→ Exercise directions
Your output should be the lines below from the one with "Salontopper vraagt om" through the one with "Este arreglo presenta", copied exactly, pictures excluded.

→ Record excerpts
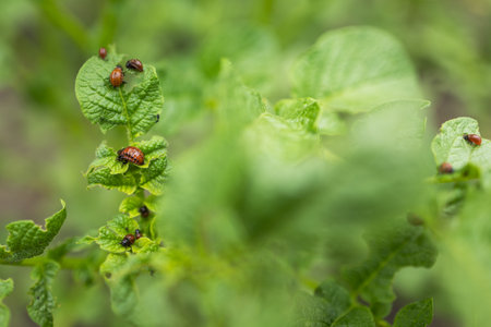 The Colorado potato beetles (Leptinotarsa decemlineata) on a close-up of potatoes. insect pests, farmer's enemy, damage to the crop, threat of crop destruction
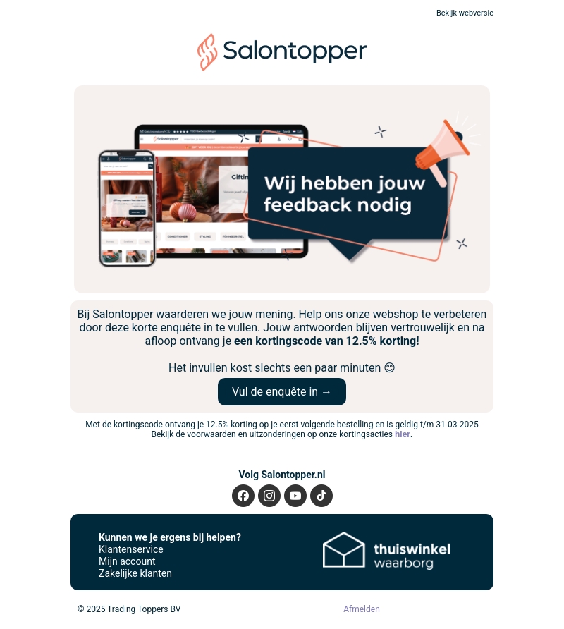 Salontopper vraagt om jouw feedback om hun webshop te verbeteren. Door een korte enquete in te vullen, help je niet alleen de klantenervaring te verbeteren, maar ontvang je ook een korting van 12.5% op je volgende bestelling. Het invullen duurt slechts enkele minuten. Grijp deze kans om je gedachtes te delen en te besparen.
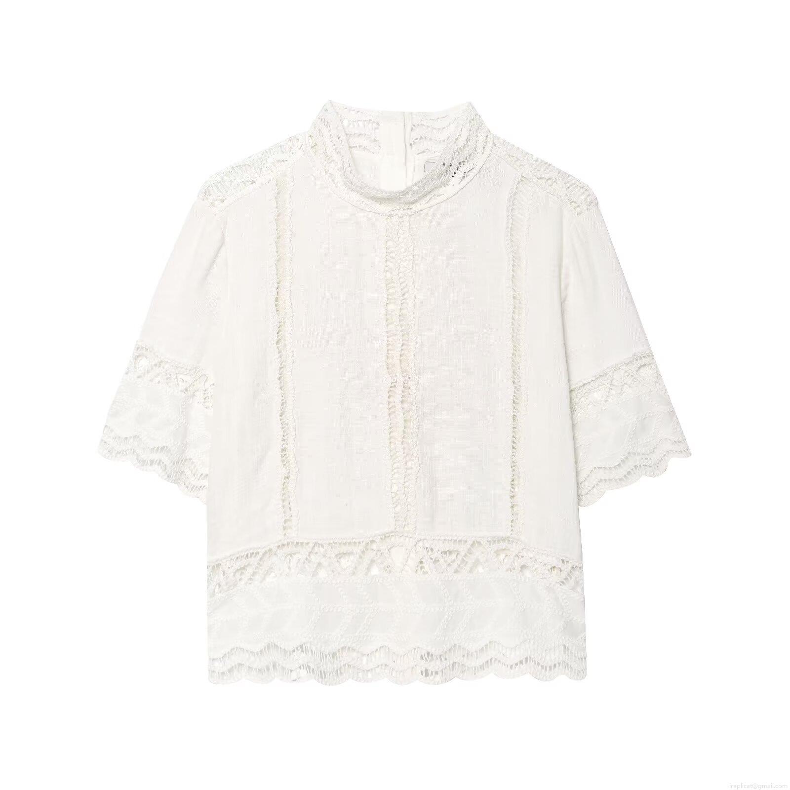 Solid Color, Embroidery, Hollow Out, Lace Trim, Crochet, Stand-up Collar, Invisible Zipper
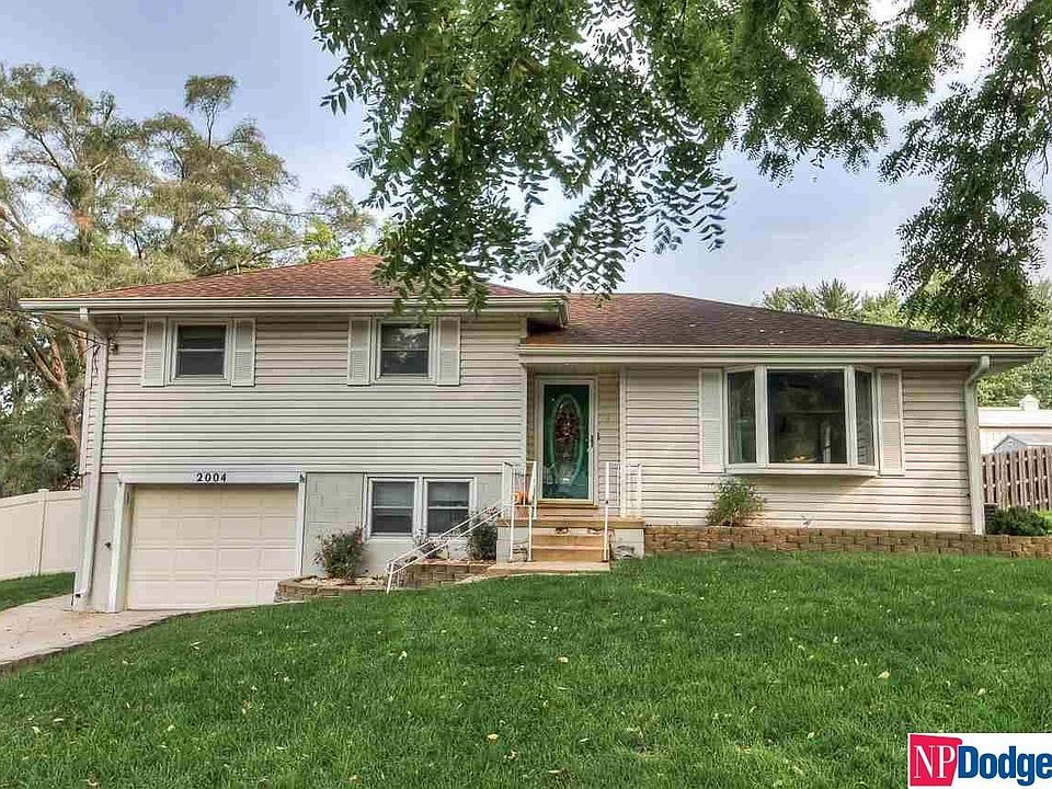 Charming move in ready 3 bedroom home with large backyard oasis featuring mature trees, a garden area, shed and relaxing water fall feature AND deck with retractable awning! Spacious kitchen with a plethora of cabinetry including soft close drawers, solid surface counter tops and eating area. Gather in he living room or bonus 4 season heated and cooled sunroom. All 3 bedrooms on the same floor. Newer Anderson windows. Vinyl siding, 2nd car parking pad, full privacy vinyl fence and sprinkler system included. Property is currently tax exempt. Close to schools, shopping and Offutt AFB! Furnace & AC 2014.
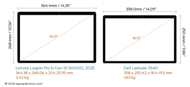 ThunderboltBeide, Legion Pro 5i Gen 10 16IAX10, 2025 und Latitude 7640, sind mit Thunderbolt 4-Ports ausgestattet.
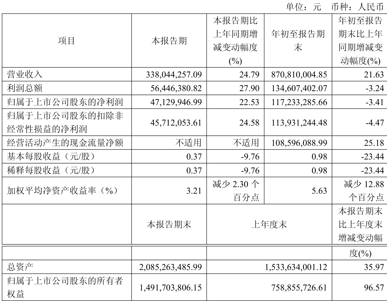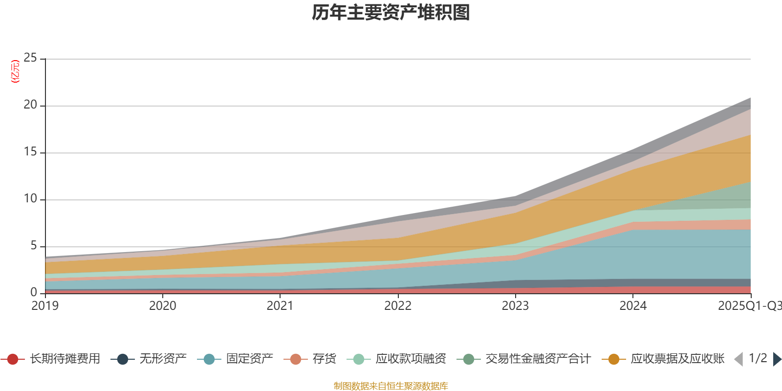 资产重大变化方面,截至2025年三季度末,公司交易性金融资产合计占公司总资产的13.4%,上年末为0;固定资产较上年末增加0.49%,占公司总资产比重下降8.88个百分点;货币资金较上年末增加215.94%,占公司总资产比重上升7.5个百分点;应收票据及应收账款较上年末增加14.43%,占公司总资产比重下降4.52个百分点。
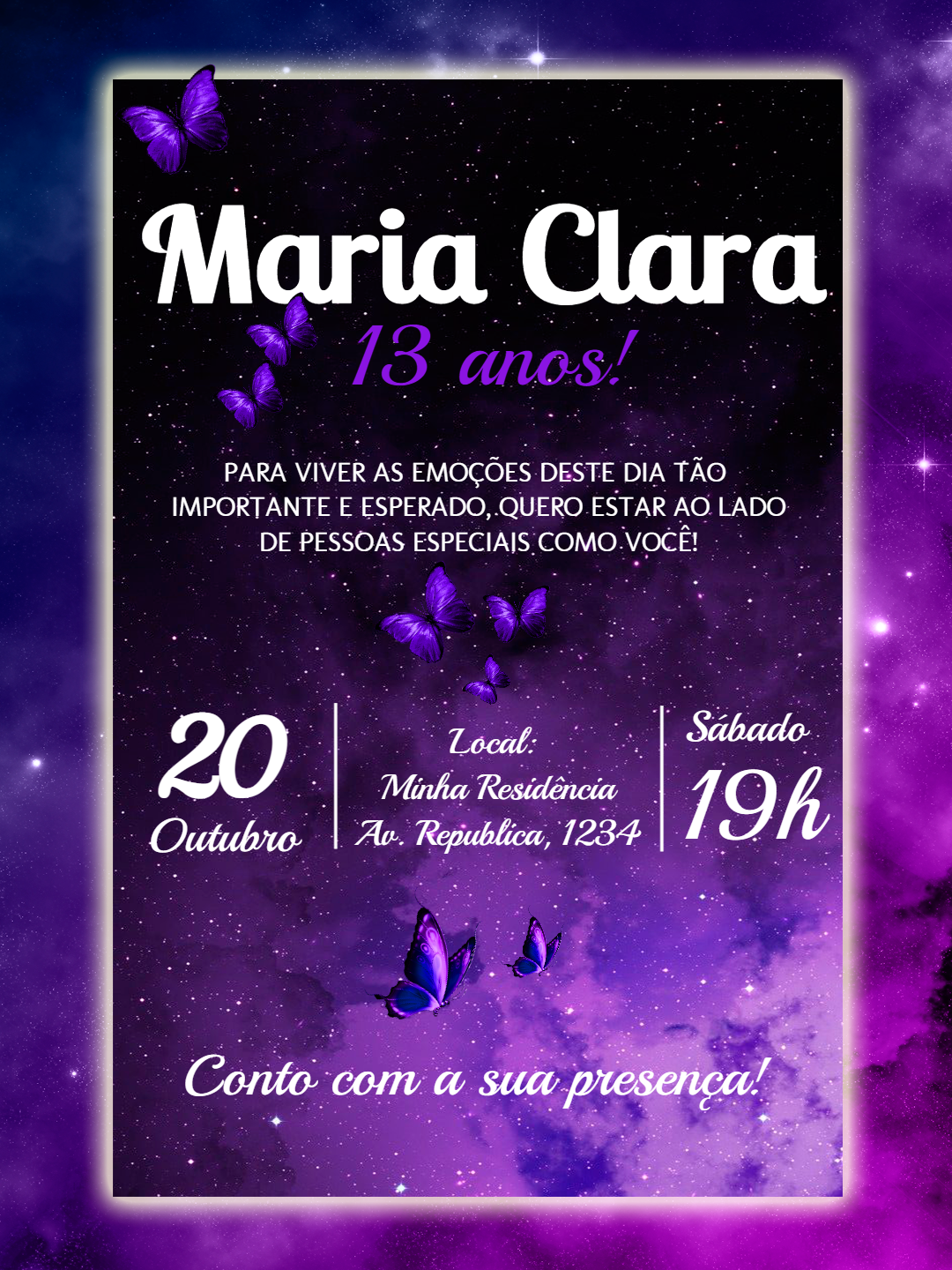 Celebre um momento mágico com este convite de aniversário com tema galáxia! O design deslumbrante em tons de roxo, com um céu estrelado e borboletas vibrantes, cria uma atmosfera mística e sonhadora, perfeita para uma festa inesquecível. Personalize este modelo online de forma rápida e intuitiva. Altere o nome, a idade, a data, o horário e o endereço da festa com apenas alguns cliques. Deixe o convite com a sua cara, editando todas as informações de texto. Após finalizar, baixe seu convite instantaneamente em alta resolução. Ideal para imprimir ou enviar pela internet para todos os seus convidados. Crie uma expectativa incrível para o seu grande dia
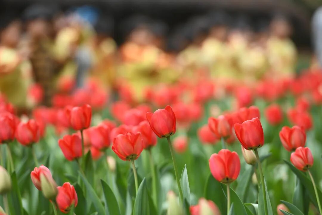 只见各色郁金香尽情绚烂
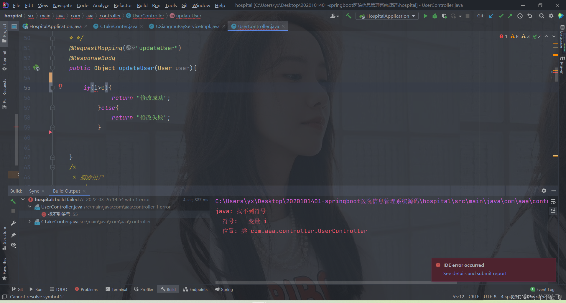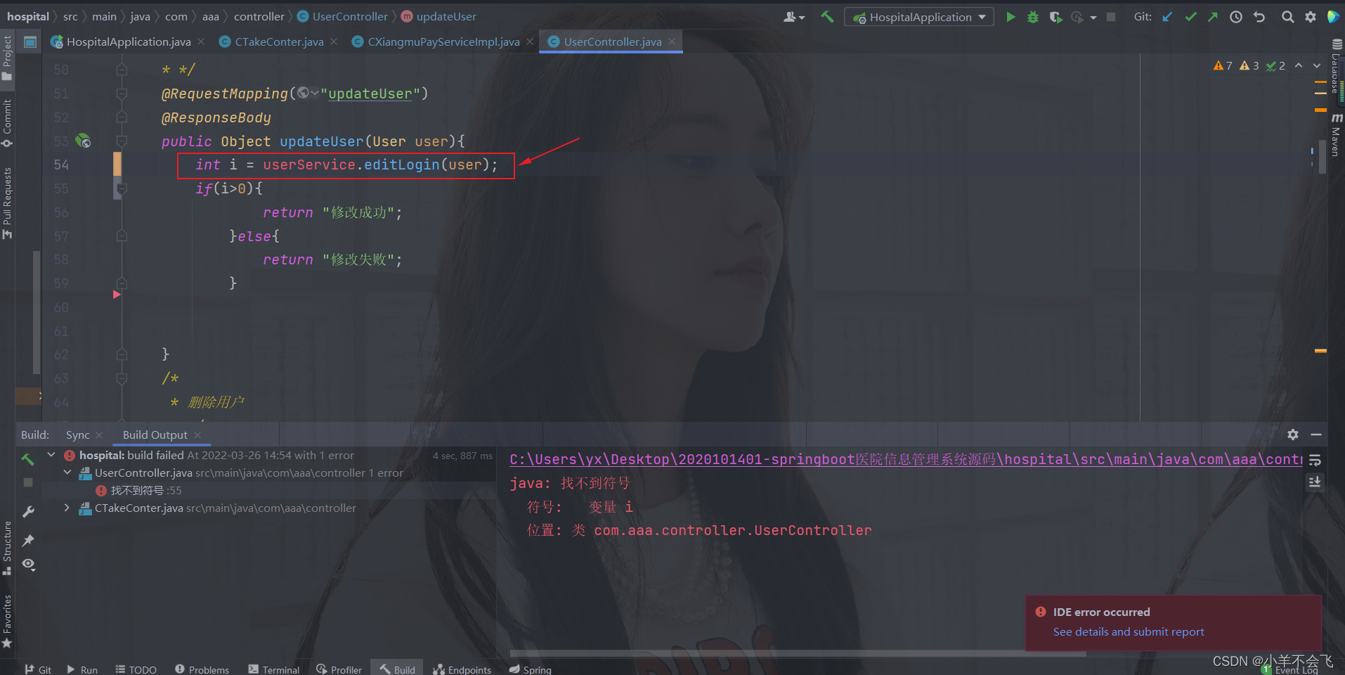 不出意外,当你刚把项目导入idea的时候,跟博主的遭遇是一样一样的,不过遇事不要慌,这里显示找不到变量符号,我猜应该是开发人员在开发的时候漏写了又或者是在项目开源转移的过程中不小心被删掉了,我们自己加一行代码即可!
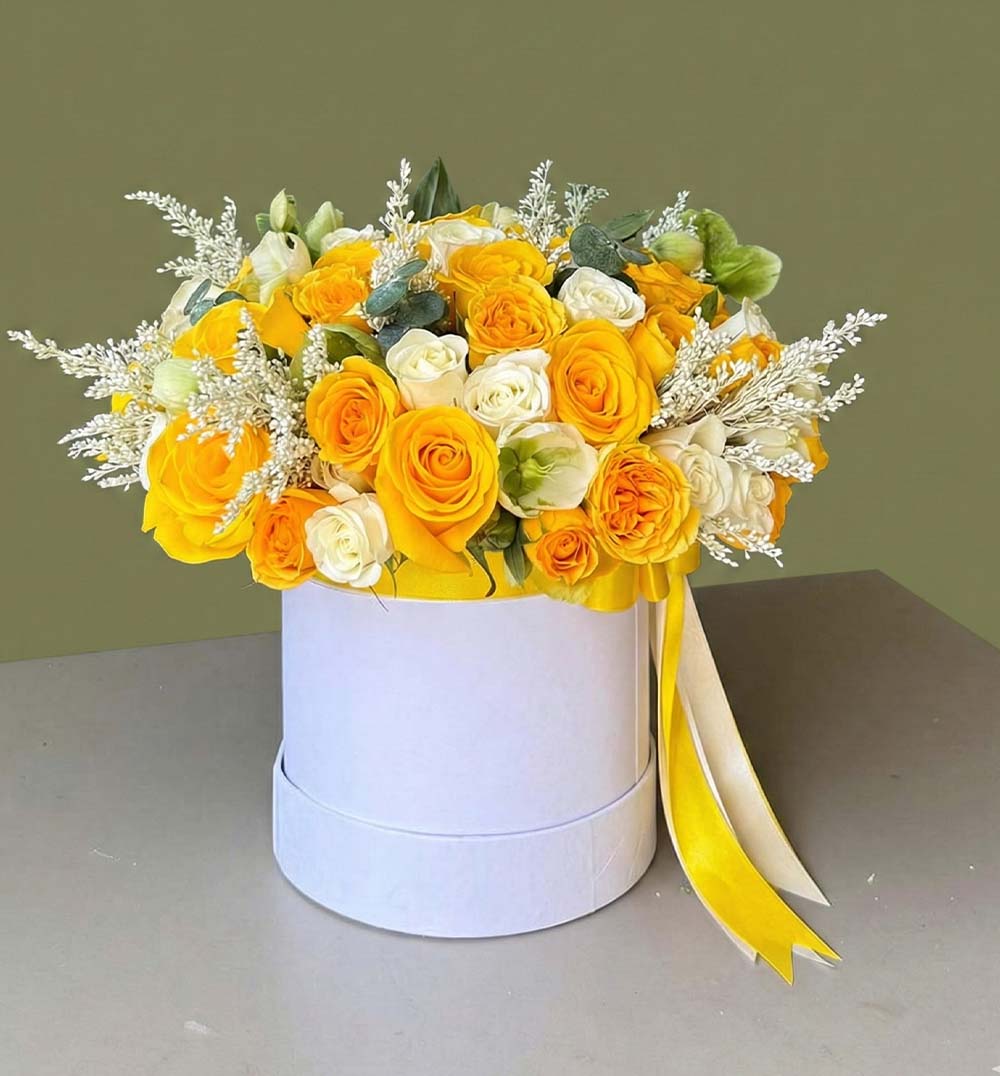 Este arreglo presenta una vibrante mezcla de rosas amarillas y flores blancas, evocando alegría y luz. Perfecto para celebrar momentos felices y añadir un toque cálido a cualquier espacio.
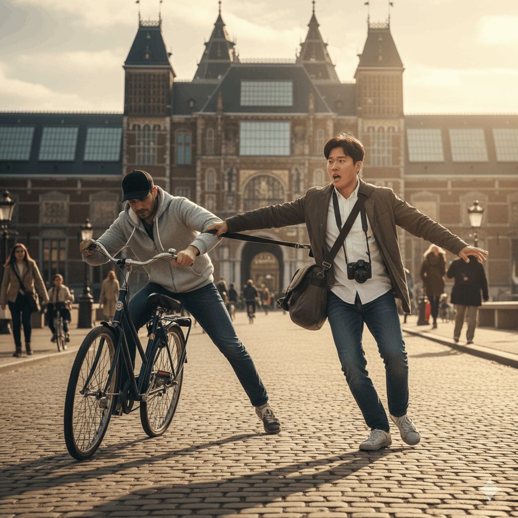 안네 프랑크 하우스(Anne Frank House), 암스테르담 국립미술관(Rijksmuseum), 반고흐 미술관(Van Gogh Museum) 주변에서 절도 사건이 빈번합니다. 자전거가 많은 암스테르담 특성상, 자전거를 타고 지나가면서 가방을 낚아채는 ‘스내치 앤 런(Snatch and Run)’ 수법도 있어요.

→ Exercise answer
 Salontopper vraagt om jouw feedback om hun webshop te verbeteren. Door een korte enquete in te vullen, help je niet alleen de klantenervaring te verbeteren, maar ontvang je ook een korting van 12.5% op je volgende bestelling. Het invullen duurt slechts enkele minuten. Grijp deze kans om je gedachtes te delen en te besparen.
 Solid Color, Embroidery, Hollow Out, Lace Trim, Crochet, Stand-up Collar, Invisible Zipper
 Charming move in ready 3 bedroom home with large backyard oasis featuring mature trees, a garden area, shed and relaxing water fall feature AND deck with retractable awning! Spacious kitchen with a plethora of cabinetry including soft close drawers, solid surface counter tops and eating area. Gather in he living room or bonus 4 season heated and cooled sunroom. All 3 bedrooms on the same floor. Newer Anderson windows. Vinyl siding, 2nd car parking pad, full privacy vinyl fence and sprinkler system included. Property is currently tax exempt. Close to schools, shopping and Offutt AFB! Furnace & AC 2014.
 ThunderboltBeide, Legion Pro 5i Gen 10 16IAX10, 2025 und Latitude 7640, sind mit Thunderbolt 4-Ports ausgestattet.
 资产重大变化方面,截至2025年三季度末,公司交易性金融资产合计占公司总资产的13.4%,上年末为0;固定资产较上年末增加0.49%,占公司总资产比重下降8.88个百分点;货币资金较上年末增加215.94%,占公司总资产比重上升7.5个百分点;应收票据及应收账款较上年末增加14.43%,占公司总资产比重下降4.52个百分点。
 Celebre um momento mágico com este convite de aniversário com tema galáxia! O design deslumbrante em tons de roxo, com um céu estrelado e borboletas vibrantes, cria uma atmosfera mística e sonhadora, perfeita para uma festa inesquecível. Personalize este modelo online de forma rápida e intuitiva. Altere o nome, a idade, a data, o horário e o endereço da festa com apenas alguns cliques. Deixe o convite com a sua cara, editando todas as informações de texto. Após finalizar, baixe seu convite instantaneamente em alta resolução. Ideal para imprimir ou enviar pela internet para todos os seus convidados. Crie uma expectativa incrível para o seu grande dia
 只见各色郁金香尽情绚烂
 不出意外,当你刚把项目导入idea的时候,跟博主的遭遇是一样一样的,不过遇事不要慌,这里显示找不到变量符号,我猜应该是开发人员在开发的时候漏写了又或者是在项目开源转移的过程中不小心被删掉了,我们自己加一行代码即可!
 Este arreglo presenta una vibrante mezcla de rosas amarillas y flores blancas, evocando alegría y luz. Perfecto para celebrar momentos felices y añadir un toque cálido a cualquier espacio.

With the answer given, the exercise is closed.